* What to do *
Set down the records exactly, and omit any image found in them.

* Listed records *
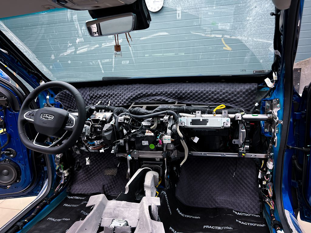 Виброизоляция корпуса панели Джили Атлас Переходим к оклейке самого корпуса панели, первым слоем частично наносим виброизоляцию Шумофф Joker, создавая тем самым идеальный баланс. Такая частичная оклейка позволит нам чрезмерно не утяжелять панель и придать ей необходимую сбитость
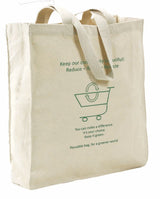 Made from biodegradable 11 Oz. cotton canvas. Durable and ideal for carrying heavy items. Seams are top-stitched for durability. It has 24" long self material carrying handles. Timeless shopper styling. 14" W x 15" H x 4" D
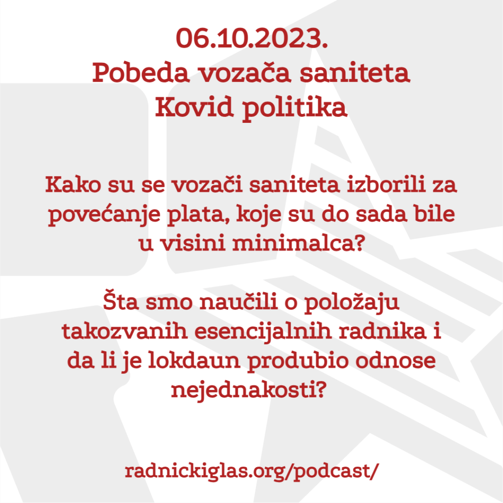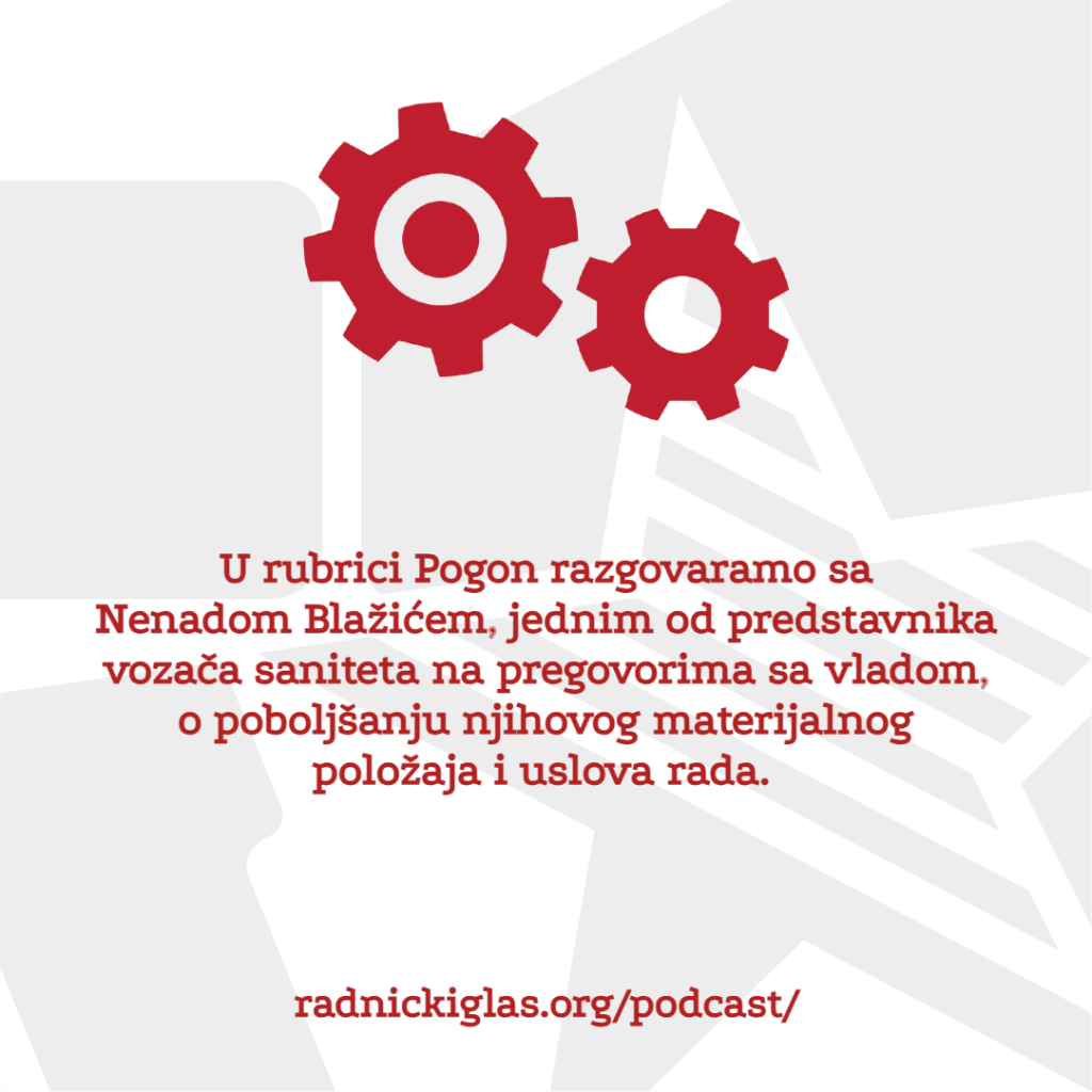 U rubrici Pogon, razgovaramo sa Nenadom Blažićem, jednim od predstavnika vozača saniteta na pregovorima sa vladom, o poboljšanju njihovog materijalnog položaja i uslova rada. U rubrici Forum slušate deo diskusije Radničkog glasa o kovid politikama.
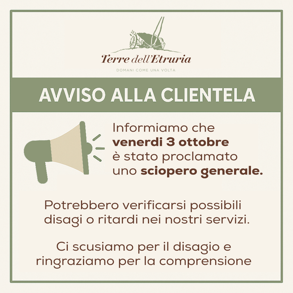 Avviso alla clientela Informiamo che venerdi 3 ottobre è stato proclamato uno sciopero generale. Potrebbero verificarsi possibili disagi o ritardi nei nostri servizi. Torna indietro
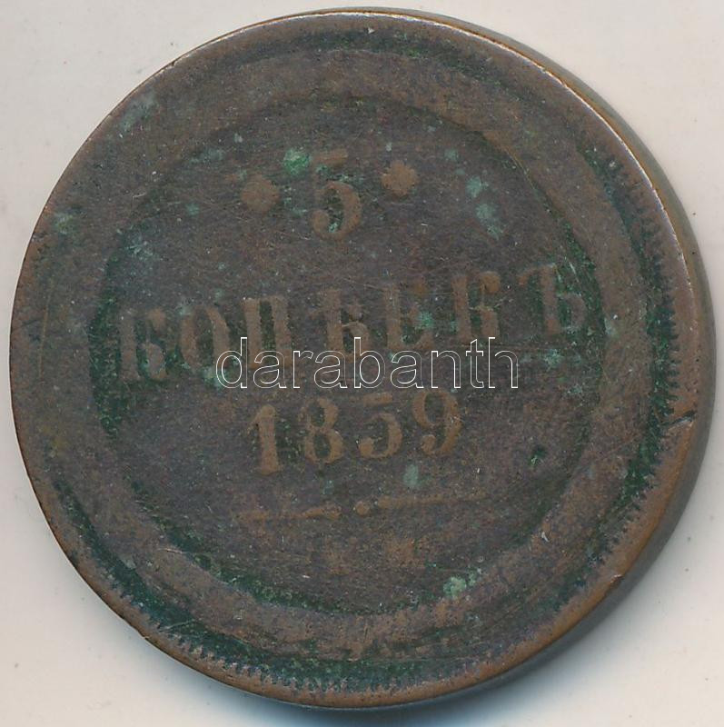 Russian Empire 1859. 5... https://www.darabanth.com/de/234-Fernauktion/234.0/Numismatik/Weltweit-Munzen~30012/Orosz-Birodalom-1859-5k-Cu-II-Sandor-T3-3--3Cbr3ERussian-Empire-1859-5-Kopeks-Cu-Alexander-II~II1066300
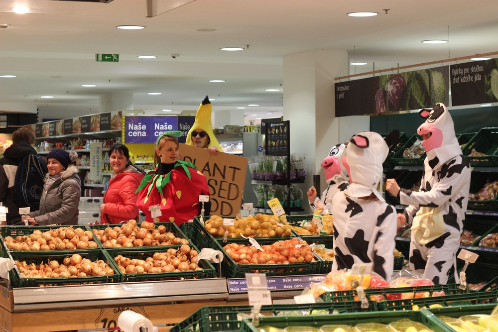 V brněnském Tescu tancovalo ovoce s krávami. Aktivisté z Animal Rebellion požadují přechod na rostlinné mléko
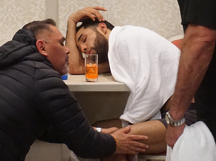 ネリは1回目の計量から約1時間45分にわたり、縄跳びなどで汗を出し、1キロ減らしたものの、これでギブアップ。秤を下りるとすぐに水分補給をし、そのまま椅子に座って15分ほど動けずにぐったりした。

* Solution to the exercise *
 Виброизоляция корпуса панели Джили Атлас Переходим к оклейке самого корпуса панели, первым слоем частично наносим виброизоляцию Шумофф Joker, создавая тем самым идеальный баланс. Такая частичная оклейка позволит нам чрезмерно не утяжелять панель и придать ей необходимую сбитость
 Made from biodegradable 11 Oz. cotton canvas. Durable and ideal for carrying heavy items. Seams are top-stitched for durability. It has 24" long self material carrying handles. Timeless shopper styling. 14" W x 15" H x 4" D
 U rubrici Pogon, razgovaramo sa Nenadom Blažićem, jednim od predstavnika vozača saniteta na pregovorima sa vladom, o poboljšanju njihovog materijalnog položaja i uslova rada. U rubrici Forum slušate deo diskusije Radničkog glasa o kovid politikama.
 Avviso alla clientela Informiamo che venerdi 3 ottobre è stato proclamato uno sciopero generale. Potrebbero verificarsi possibili disagi o ritardi nei nostri servizi. Torna indietro
 Russian Empire 1859. 5... https://www.darabanth.com/de/234-Fernauktion/234.0/Numismatik/Weltweit-Munzen~30012/Orosz-Birodalom-1859-5k-Cu-II-Sandor-T3-3--3Cbr3ERussian-Empire-1859-5-Kopeks-Cu-Alexander-II~II1066300
 V brněnském Tescu tancovalo ovoce s krávami. Aktivisté z Animal Rebellion požadují přechod na rostlinné mléko
 ネリは1回目の計量から約1時間45分にわたり、縄跳びなどで汗を出し、1キロ減らしたものの、これでギブアップ。秤を下りるとすぐに水分補給をし、そのまま椅子に座って15分ほど動けずにぐったりした。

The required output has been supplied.